■ WHAT THIS TASK INVOLVES ■
Using the records below, write out again exactly the lines that begin at the line containing "- Deckel auflegen" and end at the line containing "and restaurant design", and no other lines.

** Opening ENTRIES SHOWN block **

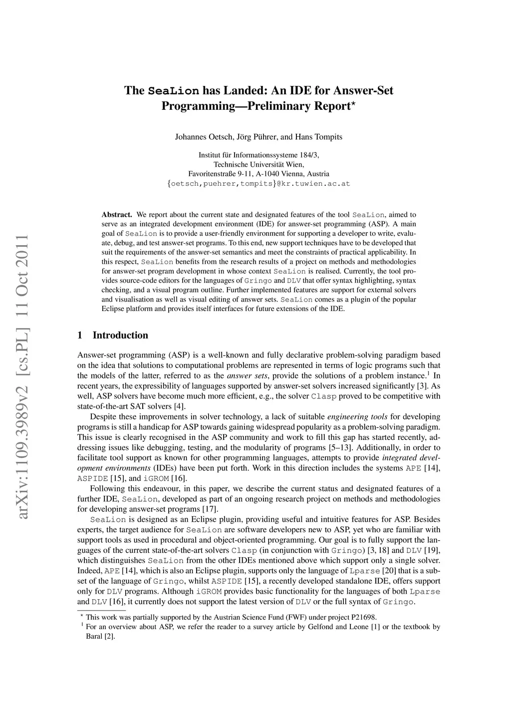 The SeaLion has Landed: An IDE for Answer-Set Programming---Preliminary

** Closing ENTRIES SHOWN block **
** Opening ENTRIES SHOWN block **

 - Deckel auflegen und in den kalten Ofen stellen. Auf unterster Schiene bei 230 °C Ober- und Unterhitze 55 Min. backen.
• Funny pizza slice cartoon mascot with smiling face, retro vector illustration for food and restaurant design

** Closing ENTRIES SHOWN block **

■ RESULT OF THE EXERCISE ■
 - Deckel auflegen und in den kalten Ofen stellen. Auf unterster Schiene bei 230 °C Ober- und Unterhitze 55 Min. backen.
• Funny pizza slice cartoon mascot with smiling face, retro vector illustration for food and restaurant design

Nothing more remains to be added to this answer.